First, is the shot passing over an island? I can test this for each island by seeing whether the position of the shot is within the rectangle formed by the bottom of each island. I actually do it a little faster by calculating the distance to the centre of all the islands, and only doing detailed testing on the closest one. (If I need more speed, I can make it faster by starting with a list of all the islands, and dropping off any that the shot is moving away from, so I’ll test fewer and fewer with each frame).

So suppose I test the closest island, and my shot is over it (ie within its rectangle). Now how do I know which triangle it is going through, and whether it has done so?

My next step is to loop through all the triangles in the mesh for that island, and test whether the shot is

1. within the 2D (x,z) triangle of that mesh (ie ignoring height), and
2. whether it is below that triangle or above it

If this isn’t clear, imagine you are above the island, looking directly down on it as the shot passes over it. At any time, the shot will be over (or under) one of the triangles, based purely on the x and z values (ignoring height y). Once we know which triangle it is over/under, we can test whether the y value is under or over it.

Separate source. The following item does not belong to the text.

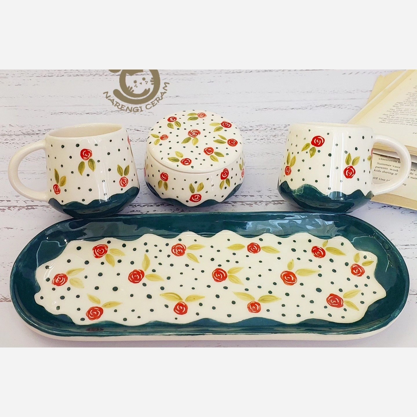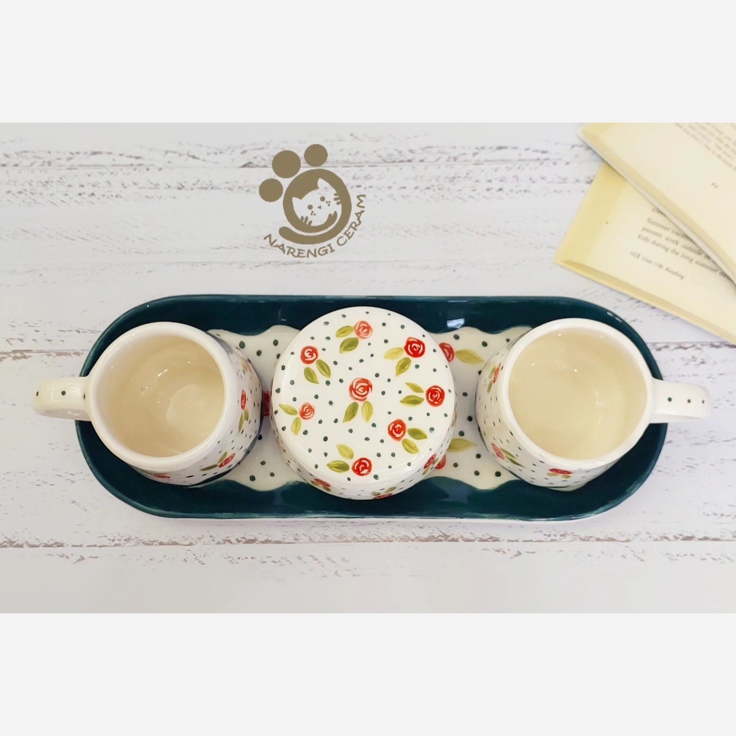 ست چای خوری دو نفره سرامیکی دستساز طرح گل رز مبلمونسرا مدل 279258
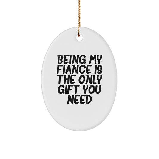 Fiance Gifts from Men for Christmas Unique Oval Ornament, Being My Fiance Is The Only Gift You Need, Funny Quote, Durable MDF Material, High-Gloss Finish, Perfect for Stress-Free Decorating

For the first step above, I googled a good barycentric method on the net (of course I don’t know what that means). This tells me if my shot is within any of the triangles (using just the x and z values of all the points).

Once I know the shot is directly above/below a triangle, I can use a little trick to see whether it is below or not. The normal of a triangle (which I explain in this post) points outwards from it. If I take the line between my shot and any one of the three vertices of the triangle (by subtracting my point from the triangle vertex), and calculate the dot product with the normal, then the result will be positive if my shot is above the triangle (ie in the same broad direction as the normal), and negative if it is below (in the opposite direction to the normal).

I’m sorry for the technical talk, but this is what it takes to write 3D code.

Fortunately, the barycentric method also gives me the position where the shot meets the triangle, ie where it hits the side of the island, so I can draw an explosion there. There is just one little remaining problem. Because the explosion will be centred on this point, half of it will be hidden inside the island, so only half of it shows. That looks rather odd. So I had to calculate a point a couple of pixels further back, along the path of the shot and away from the island, so the whole explosion would show.

How do you move the point backwards? Well, we have the previous and current positions of the shot, let’s call them p0 and p1. The direction they are travelling is p1-p0, so to go backwards, we want p0-p1.

This vector includes speed as well as direction, so if we want to go (say) 3 pixels backwards, we need to get rid of the current speed (which we do with the normalize() function)and then multiply it by 3, ie

```explosionPos = collisionPos + (p0-p1):normalize() * 3
```

This is all very clever, but if you look at the video, some of the explosions are still half buried in the island. I think I have a little more work to do…

### Code

If you’ve read this far, you’ve been very patient, thank you. The code is here.

```function setup()
http.request("http://bit.ly/1hCd8bK",
function(d) loadstring(d)() setup() end,
function(e) print(e) end
)
end
```
• Use the joystick to steer
• touch the screen to shoot (the program aims for you, at the moment)
• touch the camera views at the bottom to look around
• the enemy health is the upper green strip at bottom right
• your health is the green strip under it
• the state of your 4 guns (from front to back) is shown by the dots – green = ready to fire, yellow = reloading, red = disabled by enemy fire – note your guns can’t fire at certain angles, so turn sideways to the enemy if you want to fire all the guns.